Skutkiem agresji fizycznej wobec lekarza może być wywołanie lekkiego, średniego lub ciężkiego uszczerbku na zdrowiu lekarza. Zgodnie z art. 157 k.k. kto powoduje naruszenie czynności narządu ciała lub rozstrój zdrowia, inny niż określony w art. 156 (czyli tzw. ciężkie uszkodzenie ciała), podlega karze pozbawienia wolności od 3 miesięcy do lat 5. Jednakże ten, kto powoduje naruszenie czynności narządu ciała lub rozstrój zdrowia trwający nie dłużej niż 7 dni, podlega grzywnie, karze ograniczenia wolności albo pozbawienia wolności do lat 2. Ściganie powyższego przestępstwa, jeżeli naruszenie czynności narządu ciała lub rozstrój zdrowia nie trwał dłużej niż 7 dni, odbywa się z oskarżenia prywatnego. Oznacza to, że w przypadku rozstroju zdrowia powyżej 7 dni lekarz składa tylko zawiadomienie o popełnieniu przestępstwa, a postępowanie przed sądem będzie toczyć się z oskarżenia publicznego (prokuratora). Jeżeli rozstrój zdrowia trwał do 7 dni, to lekarz sam musi wnieść do sądu akt oskarżenia.
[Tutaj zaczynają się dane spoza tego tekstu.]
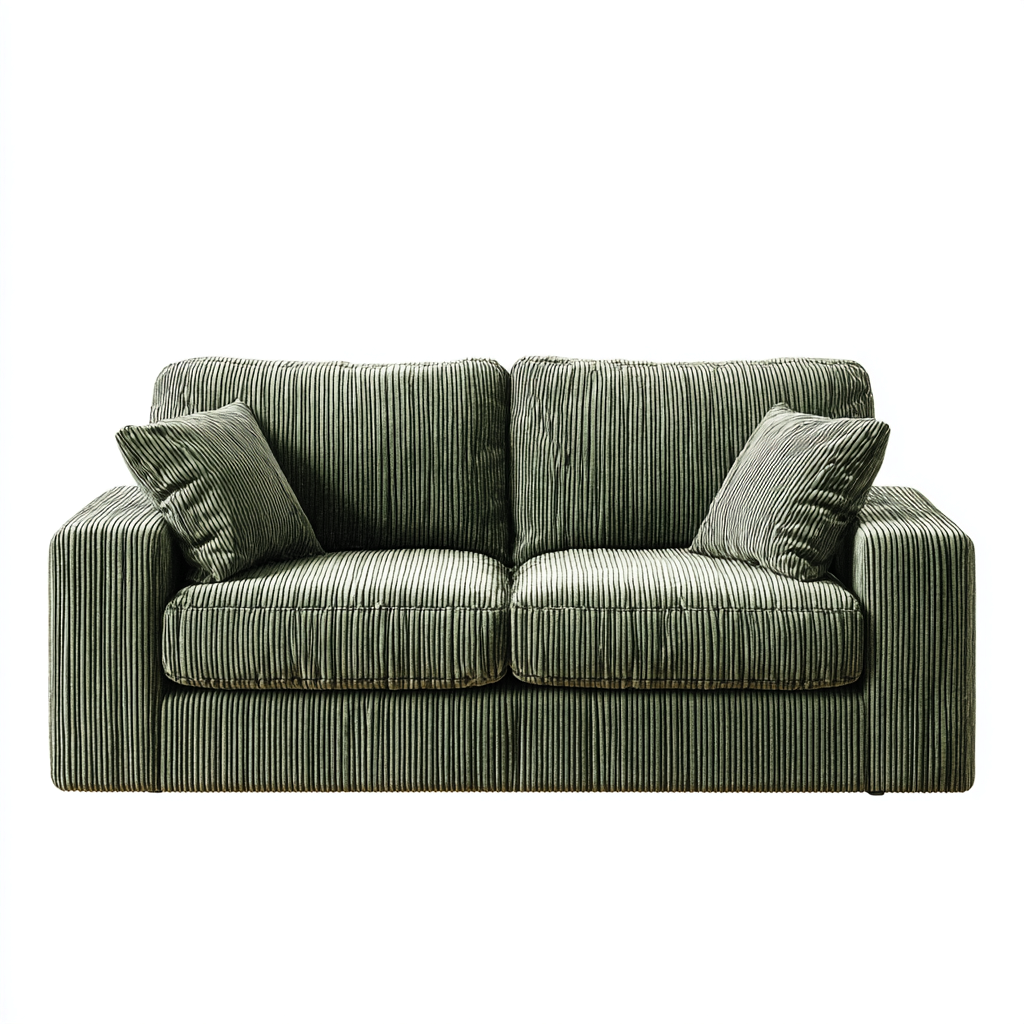 La seduta profonda e la forma compatta rendono il divano adatto a diversi spazi domestici. Le linee moderne e il tessuto a coste aggiungono carattere all'arredamento del soggiorno.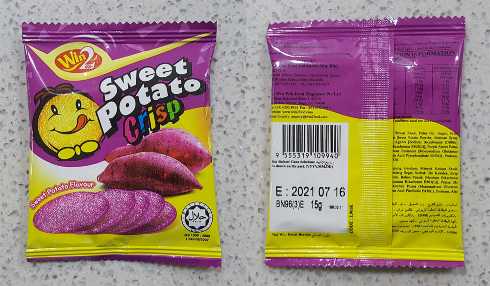 제품명 : 스위트 포테이토 크리스프 / 자색고구마파우더 7.3%, 합성향료 (자색고구마향) 0.2% 함유

Natomiast zgodnie z art. 156 k.k. kto powoduje ciężki uszczerbek na zdrowiu w postaci: 1. pozbawienia człowieka wzroku, słuchu, mowy, zdolności płodzenia; 2. innego ciężkiego kalectwa, ciężkiej choroby nieuleczalnej lub długotrwałej, choroby realnie zagrażającej życiu, trwałej choroby psychicznej, całkowitej albo znacznej trwałej niezdolności do pracy w zawodzie lub trwałego, istotnego zeszpecenia lub zniekształcenia ciała, podlega karze pozbawienia wolności na czas nie krótszy od lat 3.

Lekarz może być też ofiarą pobicia przez pacjenta i członka jego rodziny (2 i więcej agresorów). Pobicie to takie zdarzenie, w którym biorą udział także co najmniej trzy osoby, ale można wyodrębnić stronę atakującą i broniącą się. Zgodnie z art. 158 k.k. kto bierze udział w bójce lub pobiciu, w którym naraża się człowieka na bezpośrednie niebezpieczeństwo utraty życia albo nastąpienie skutku określonego w art. 156 § 1 lub w art. 157 § 1, podlega karze pozbawienia wolności do lat 3. Jeżeli następstwem bójki lub pobicia jest ciężki uszczerbek na zdrowiu człowieka, sprawca podlega karze pozbawienia wolności od 6 miesięcy do lat 8. Jeżeli następstwem bójki lub pobicia jest śmierć człowieka, sprawca podlega karze pozbawienia wolności od roku do lat 10.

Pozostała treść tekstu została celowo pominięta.